:: Task input
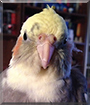 Dearest Luca, what a beautiful, precious Lutino Pied Cockatiel you are indeed, just five months old! Those feathers are absolutely stunning in their color and variety and design, and don't you just have the sweetest face with those bright orange cheeks and the lovely dark eyes and that mouth with what looks like a great big smile (and probably is!). Thank you for sharing those great photos with us. And what a terrific story you have to tell, of what a vital role you play in your family! You joined the family at age eight weeks, to be a feathery companion and help control your dear person's anxiety levels. Right away you became attached to each other, and you've been the best of friends ever since! Your person has become much calmer, and the anxiety doesn't spike too high. You love each other very much, don't you. What a wonderful love-filled home you share!
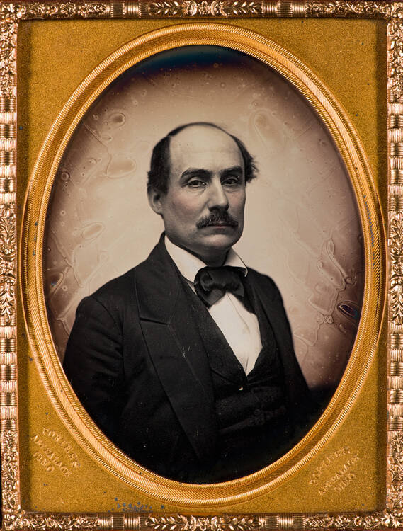 Description1/4 plate daguerreotype in full leather case (top detached). Maker's mark on mat twice. Oval image of a man.
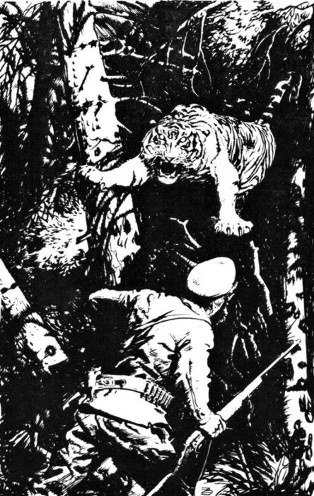 „Časně zrána jsme se sešli před správcovým domem. Při pohledu na německé nimrody jsem se stěží zdržel smíchu. Gersten byl malé postavy s úctyhodným bříškem a velkou, jako meloun kulatou hlavou. Krátké, tlusté nohy trčely v juchtových botách, které mu sahaly až pod pupek. Byl oblečen do křiklavě zelené kazajky, která těsně svírala břicho, ale na prsou se navlnila ve velkých záhybech. Na hlavě měl malou koženou čepici s velkým štítkem. Byl opásán dvojitým pásem na náboje, na zádech mu visel prostorný batoh, polní láhev a 'lovecká brašna. Na krku se mu houpala na tenkém řemínku píšťala. V jedné ruce držel řetízek, který napínal ušlechtilý setr Break. Přes druhou měl přehozenu ručnici věhlasné anglické firmy Holland-Holland a trvalo to chvilku, než si uvolnil pravici, aby mi ji podal na uvítanou.
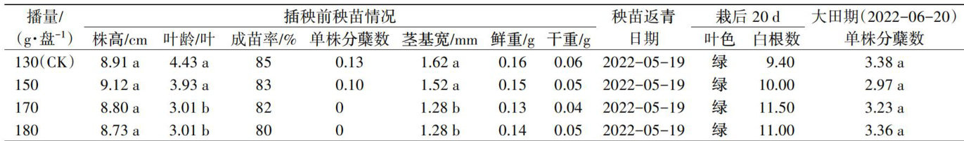 水稻密播短秧龄机插秧试验
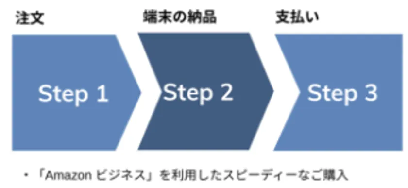 購入者様は「Amazon ビジネス」で端末の購入・支払いを行います。「Amazon ビジネス」を通じてスピーディーな購入が可能で、端末の送付場所は自由に設定することができるため、リモートワーク環境下でも快適にご利用できます。
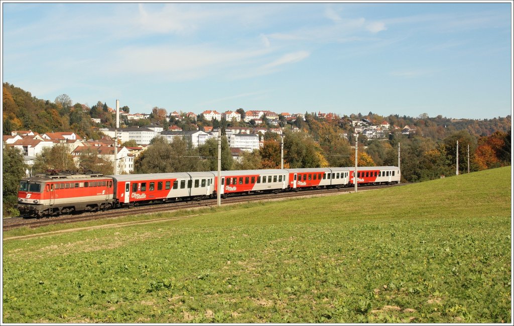 1042.041 mit IC 518 von Graz nach Salzburg, aufgenommen bei Mautern am 10.10.2010.
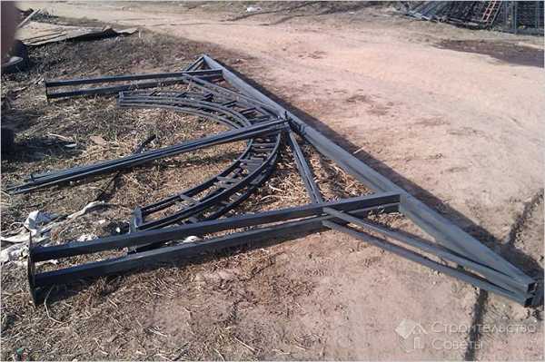 - Заготовьте специальную трубу, которая станет опорой. Ее потребуется выгнуть до нужного вам радиуса. Балку прикрепляют к вертикальной стойки посредством сварки или болтов. Для обеспечения дополнительной прочности можно воспользоваться металлической косынкой.
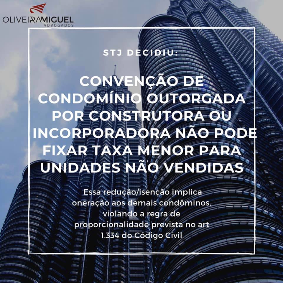 STJ decidiu - convenção de condomínio outorgada por construtora ou incorporadora não pode fixar taxa menor para unidades não vendidas
::::
A word-for-word copy is needed of the lines from the line with "- Заготовьте специальную" through the last line of the entries above, with both ends kept and the pictures dropped.

 - Заготовьте специальную трубу, которая станет опорой. Ее потребуется выгнуть до нужного вам радиуса. Балку прикрепляют к вертикальной стойки посредством сварки или болтов. Для обеспечения дополнительной прочности можно воспользоваться металлической косынкой.
 STJ decidiu - convenção de condomínio outorgada por construtora ou incorporadora não pode fixar taxa menor para unidades não vendidas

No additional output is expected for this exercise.